New federal data from the National Highway Traffic Safety Administration (NHTSA) reveals “significant disparities” in traffic fatalities between racial and ethnic groups in the United States, according to an article by Dan Rosenbaum in Smart Cities Dive.
Research undertaken in 2022, the first of its kind to examine “traffic safety in the context of race and ethnicity,” found that traffic deaths per 100,000 varied from 10.92 for White people to 24.75 for American Indian or Alaska Native people. Pedestrian deaths showed even stronger disparities: “In 2018, the pedestrian fatality rate for American Indian or Alaska Native people was 3.42 times the rate for White people; for Black people, it was 1.97 times the rate for White people. Asian pedestrians died at slightly more than half the rate of White pedestrians.”
The NHTSA did not offer an answer for why these disparities exist, but infrastructure—or the lack thereof in historically disinvested neighborhoods—could be a factor.

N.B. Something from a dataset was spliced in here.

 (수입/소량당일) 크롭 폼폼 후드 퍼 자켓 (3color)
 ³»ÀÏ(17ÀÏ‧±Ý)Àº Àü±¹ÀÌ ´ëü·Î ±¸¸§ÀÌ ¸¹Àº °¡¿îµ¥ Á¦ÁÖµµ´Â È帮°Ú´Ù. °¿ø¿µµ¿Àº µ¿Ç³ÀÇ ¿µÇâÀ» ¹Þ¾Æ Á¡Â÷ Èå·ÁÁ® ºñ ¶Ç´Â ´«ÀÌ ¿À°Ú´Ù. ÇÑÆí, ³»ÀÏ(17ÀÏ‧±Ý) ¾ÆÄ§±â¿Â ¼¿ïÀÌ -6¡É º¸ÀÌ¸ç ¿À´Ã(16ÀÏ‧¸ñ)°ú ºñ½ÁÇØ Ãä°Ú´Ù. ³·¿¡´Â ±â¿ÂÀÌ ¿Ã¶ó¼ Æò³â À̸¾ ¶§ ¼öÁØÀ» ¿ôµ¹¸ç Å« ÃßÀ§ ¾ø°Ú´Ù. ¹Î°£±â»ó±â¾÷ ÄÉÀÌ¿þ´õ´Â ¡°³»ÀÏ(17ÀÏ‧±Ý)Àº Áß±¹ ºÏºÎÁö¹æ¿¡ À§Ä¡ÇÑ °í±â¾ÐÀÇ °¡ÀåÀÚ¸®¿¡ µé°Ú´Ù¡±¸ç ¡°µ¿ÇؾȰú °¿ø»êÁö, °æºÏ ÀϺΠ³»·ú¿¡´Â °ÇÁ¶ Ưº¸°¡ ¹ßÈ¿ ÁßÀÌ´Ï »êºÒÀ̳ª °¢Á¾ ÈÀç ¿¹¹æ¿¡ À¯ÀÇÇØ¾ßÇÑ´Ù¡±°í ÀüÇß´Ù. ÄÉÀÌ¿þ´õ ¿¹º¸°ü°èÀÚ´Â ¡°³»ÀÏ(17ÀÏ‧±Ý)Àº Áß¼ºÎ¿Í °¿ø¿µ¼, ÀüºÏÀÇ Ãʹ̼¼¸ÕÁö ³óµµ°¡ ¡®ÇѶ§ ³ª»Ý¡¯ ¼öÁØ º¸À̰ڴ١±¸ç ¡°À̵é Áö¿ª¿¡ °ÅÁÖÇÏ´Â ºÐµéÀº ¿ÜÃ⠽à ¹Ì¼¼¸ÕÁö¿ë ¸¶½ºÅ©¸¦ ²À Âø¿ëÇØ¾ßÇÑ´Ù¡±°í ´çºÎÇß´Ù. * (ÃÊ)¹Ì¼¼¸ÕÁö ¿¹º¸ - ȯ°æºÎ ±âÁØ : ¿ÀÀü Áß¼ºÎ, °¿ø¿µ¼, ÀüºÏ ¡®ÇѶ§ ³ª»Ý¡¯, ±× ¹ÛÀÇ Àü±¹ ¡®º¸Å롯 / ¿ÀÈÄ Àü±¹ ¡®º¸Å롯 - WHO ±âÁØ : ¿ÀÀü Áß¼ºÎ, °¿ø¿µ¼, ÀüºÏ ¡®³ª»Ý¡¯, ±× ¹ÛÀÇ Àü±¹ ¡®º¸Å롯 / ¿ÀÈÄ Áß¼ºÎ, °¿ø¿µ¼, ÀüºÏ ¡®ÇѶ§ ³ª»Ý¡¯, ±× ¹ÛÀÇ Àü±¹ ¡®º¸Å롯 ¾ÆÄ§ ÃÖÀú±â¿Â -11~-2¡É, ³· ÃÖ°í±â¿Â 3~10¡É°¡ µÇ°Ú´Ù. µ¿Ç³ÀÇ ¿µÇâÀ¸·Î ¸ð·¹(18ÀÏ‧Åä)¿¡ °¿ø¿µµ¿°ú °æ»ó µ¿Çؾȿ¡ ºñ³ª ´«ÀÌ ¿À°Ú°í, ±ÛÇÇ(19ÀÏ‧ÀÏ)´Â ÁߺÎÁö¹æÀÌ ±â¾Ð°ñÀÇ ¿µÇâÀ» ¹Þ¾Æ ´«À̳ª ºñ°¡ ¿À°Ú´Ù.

Shannon Hughes, a deputy regional administrator for NHTSA, said reducing traffic fatalities starts with a “safe system approach” that acknowledges the potential for human error and focuses on safe infrastructure that minimizes risk for all road users. “DOT’s safe system approach calls not just for safer drivers and pedestrians, but for safer road and vehicle design, reduced speeds and better post-crash care.”